恩田 陸 48


いのちのパレード


2008/01/23

 『朝日のようにさわやかに』のあとがきで、恩田陸さんは「短編は難しい」と述べていた。短編集はしばらく出ないと思っていたので、嬉しい驚きであった。

 ここに集められた15編は、「Jノベル」(実業之日本社刊)に「奇想短編シリーズ」と銘打って連載された14編に書き下ろし1編を加えたものである。早川書房から復刊された異色作家短編集へのオマージュだという。もちろん僕は一冊も読んだことがない。

 ジャンルは多岐にわたるが全体的にオチのない話が多く、ミステリ好きにはお気に召さないかもしれない。謎の説明はないし、説明を求めてもいけない。

 この「観光旅行」、あなたは行ってみたいですか。B級っぽさがたまらん。どうして「スペインの苔」なのかさっぱりわからないが、お幸せに。哀しくも美しい極上の恩田流ファンタジー「蝶遣いと春、そして夏」。これは過去か現在か、唯一現実を彷彿とさせる「橋」

 恩田さんらしく現実と幻が溶け合う「蛇と虹」。つまりよくわかりません。作中の作家のぼやきは恩田さんのぼやきか「夕飯は七時」。でもこんな能力要らない。恐怖症には色々あれど、「隙間」恐怖症からは逃れようがない。男の行動に戦慄したのにオチが…。

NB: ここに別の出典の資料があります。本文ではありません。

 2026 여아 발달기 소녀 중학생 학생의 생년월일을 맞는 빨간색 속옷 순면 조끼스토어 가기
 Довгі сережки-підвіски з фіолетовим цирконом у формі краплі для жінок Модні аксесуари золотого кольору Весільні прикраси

 ロト6には当たりたいけどロト7の「当籤者」にはなりたくない。何でかたつむりなんだ「かたつむり注意報」。教え子の成長に目を細める(嘘)「あなたの善良なる教え子より」。劇団四季のファンはどう思うでしょうか「エンドマークまでご一緒に」

 恩田流鉄道ミステリ(嘘)「走り続けよ、ひとすじの煙となるまで」。この「SUGOROKU」、あなたは上がりたいですか。地球温暖化に警鐘を鳴らす「いのちのパレード」

 唯一の書き下ろしで、最後に収録された「夜想曲」は実に心憎い。千里の道も一歩から、千枚の小説も一字から。まずはペンを取ること。これは読者へのメッセージであると同時に、作家恩田陸の創作姿勢であるように感じる。誰にでも書くことはあるんだ。